How lucidly one thinks, to be sure, when one has taken just a suspicion of brandy more than one should. I folded my hands smugly across that part of the torso which lies a little south of the liver and had a little zizz. When I awoke, the smugness was still there; I seized the Times crossword, gave it a masterful glare and had it whining for mercy in twenty minutes.
I have always sneered in a well-bred way at those idiots who, as soon as the aircraft’s engines have been switched off, stand up, clutching their brats and other hand-luggage for quite ten minutes until the surly cabin-crew deign to open the doors, but on this occasion I was well to the fore and sped down the ramp far ahead of the field.
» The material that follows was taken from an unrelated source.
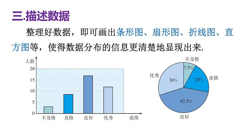 描述数据的方法:利用表格,画出条形图、扇形图、折线图、直方图等,使得数据分布的信息更清楚地显现出来.

Had this been Newmarket, a casual observer equipped with field-glasses and a stop-watch would have hastened to the nearest telephone and had a chat with his bookie.
Ignoring all signs telling people where they might wait for their luggage I galloped straight to the Customs Area and towards the blessed sign which said TAXIS, waving my innocent briefcase at the customs chap. He crooked an authoritative finger at me; I skidded to a halt. ‘Nothing to declare, officer,’ I cried merrily, ‘just the old briefcase full of the old paper-work, eh? Mustn’t detain you, sure you’re a busy man yourself –-’
‘Open it,’ he said. ‘Sir.’
‘Certainly, certainly, certainly,’ I quipped, ‘but do be quick, there’s a good chap, or all the taxis will be taken. Nothing in there, I assure you.’